60% of non-DSO practices have DMscores under 30
Dental Service Organizations already figure large in US dentistry—and they have for some time. But DMscore research suggests that in an increasingly competitive market, they are poised to play an even bigger role. There are many reasons for this, but what becomes obvious by looking at the data is that they deliver significantly better digital marketing ROI than any lone practice. According to Dental Care Alliance, even as the dental industry is growing at a rate of 5.5%, DSO-affiliated practices are growing at a much more robust 18%.
DSOs are designed to let dentists be dentists. They deliver every type of service required by the practice except dentistry itself and assist practices across the nation with key front and back office administration and marketing.
According to the American Dental Association, about 9% of dental practices in the US were part of a DSO as of 2017. In 2015 the percentage was 7.4%–indicating a meaningful year-over-year increase.
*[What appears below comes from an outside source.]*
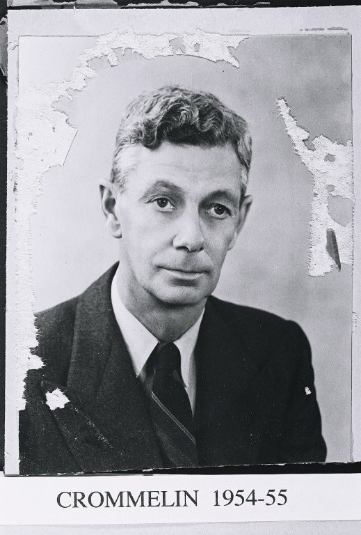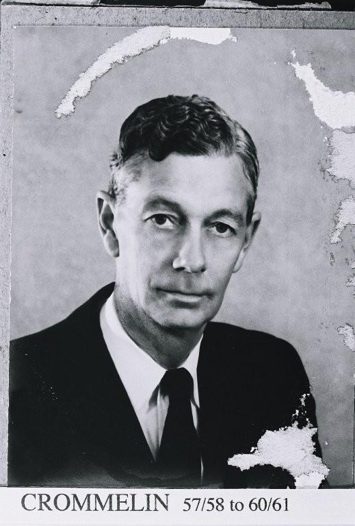 1954 - 19612x B/W Bust portrait prints of Harold William Crommelin 1954-1961. (a) Image shows a clean shaven mature man, with wavy hair. He is wearing a dark jacket with a white collared shirt and a diagonally striped tie. Printed beneath [CROMMELIN 1954-55]. (b) Similar to (a), he is wearing a dark jacket with a dark solid coloured tie. Printed beneath [CROMMELIN 57/58 to 60/61].
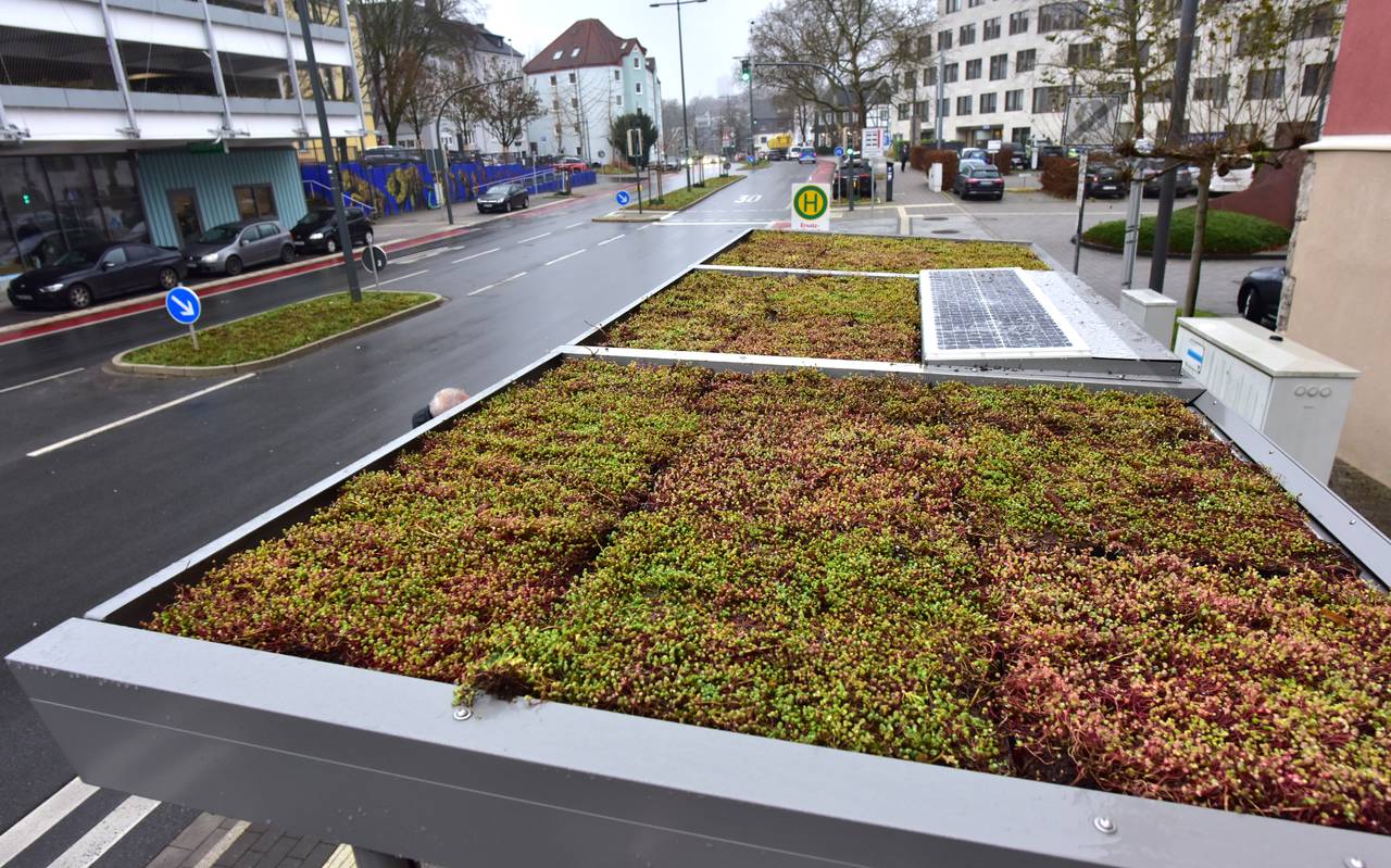 Wo in Dortmund könnte man noch Dächer begrünen und Photovoltaikanlagen aufstellen? Auf den Wartehäuschen der Bus- und Bahnhaltestellen wäre noch Platz. Die ersten zehn Dächer von Wartehäuschen werden jetzt von der DSW21 in einem Pilotprojekt begrünt. So sollen sie Platz für Insekten bieten - und Regenwasser auffangen und verdunsten und damit das Klima im Umfeld verbessern. Die Mini-Photovoltaikanlagen auf dem Dach liefert den Strom für die Beleuchtung.

Practices run by women were a significantly larger percentage of DSO practices—11.4% as opposed to 7.3% that are run by male practitioners. There are also significant age-related factors. Over 17% of DSO-participating practices were by dentists under the age of 35, the digital natives – or those who grew up using digital tools.
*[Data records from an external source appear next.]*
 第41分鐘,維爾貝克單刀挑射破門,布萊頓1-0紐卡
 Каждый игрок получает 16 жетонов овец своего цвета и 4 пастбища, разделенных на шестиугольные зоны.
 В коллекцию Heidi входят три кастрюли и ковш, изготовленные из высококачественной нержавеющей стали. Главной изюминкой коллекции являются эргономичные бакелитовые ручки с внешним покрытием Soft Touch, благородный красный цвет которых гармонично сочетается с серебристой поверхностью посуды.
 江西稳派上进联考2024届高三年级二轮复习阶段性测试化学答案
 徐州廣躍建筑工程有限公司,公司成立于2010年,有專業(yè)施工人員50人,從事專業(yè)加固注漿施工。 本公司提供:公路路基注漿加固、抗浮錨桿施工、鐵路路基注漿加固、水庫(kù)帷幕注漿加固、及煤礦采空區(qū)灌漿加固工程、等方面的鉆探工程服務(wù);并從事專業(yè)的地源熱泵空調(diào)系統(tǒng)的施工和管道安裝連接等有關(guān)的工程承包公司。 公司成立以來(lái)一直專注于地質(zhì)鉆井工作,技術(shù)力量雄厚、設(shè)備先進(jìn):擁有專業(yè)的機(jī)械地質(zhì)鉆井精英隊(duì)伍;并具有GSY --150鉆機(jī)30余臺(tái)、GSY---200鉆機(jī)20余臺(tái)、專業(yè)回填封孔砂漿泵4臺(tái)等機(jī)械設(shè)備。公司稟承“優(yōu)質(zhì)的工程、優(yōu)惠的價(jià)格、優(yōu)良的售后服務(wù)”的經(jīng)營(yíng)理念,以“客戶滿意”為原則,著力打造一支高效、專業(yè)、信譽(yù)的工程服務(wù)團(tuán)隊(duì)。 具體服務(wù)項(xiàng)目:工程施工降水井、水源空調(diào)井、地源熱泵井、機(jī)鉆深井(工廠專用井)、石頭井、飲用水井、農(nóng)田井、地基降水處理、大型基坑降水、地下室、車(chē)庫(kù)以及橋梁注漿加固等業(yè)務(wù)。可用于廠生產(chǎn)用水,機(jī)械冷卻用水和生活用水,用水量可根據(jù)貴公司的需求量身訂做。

DSOs Deliver Better Marketing ROI
At DMscore, we intersect with DSOs (and all dental practices) at the corner of marketing and patient-acquisition. DMscore ranks the marketing footprint of professional services companies, comparing them against their local competitors.
We look for strength in areas like Google Ads spend, SERP (Search Engine Results Pages) and Directory presence. A DMscore is like a FICO Score™, but for digital marketing performance and ROI. Our algorithm weighs a number of key factors to determine the score. By monitoring their DMscore and looking at our suggestions as to where to focus digital marketing improvements, dental practices can optimize their effectiveness at gaining more customers than their local competition. Agencies that develop marketing programs for dental practices can also monitor an improving DMscore, and can use it as a benchmark to monitor their work product. DMscores range from 0-100.
Recently we compared the relative scores of 54,000 DSO-affiliated practices with those that are not affiliated with the larger organizations. What we found, generally, is that DSO-affiliated practices clearly tend to have higher DMscores.
- 60% of non-DSO practices have DMscores under 30 (out of 100).
- Only 1.5% of lone practices score a DMscore of 70 or higher.
- The numbers get much better with practices with two offices. 45% had scores under 30 and 3% of these scored better than 70, which is double that of single offices.
- Practices with at least 15 locations had higher DMscores, with 40% under DMscore of 30 and 15% over 70.
One of the most notable differences is that DSO-practices (Western Dental, for instance) are much more likely to spend heavily on Google Ads than individual practices. In fact, the gap between lone practices and DSO practices in Google Ads spend is enormous. Only 6% of lone practices are buying Google Ads! About 20% of larger practices with more offices buy Google Ads. By contrast, 60% of large DSOs commit dollars to buying Google Ads—a tenfold increase in Google Ads buying as compared with the lone practitioner. Fully 45% of DSO-affiliated locations scored above 70 in paid advertising (aka Google Ads).
Our research continues to reveal that size does matter when it comes to marketing. Larger DSOs (those with more than 25 offices) fare best. We found that 38% of these scored better than 70, while 50% scored between 40 and 70 (out of 100).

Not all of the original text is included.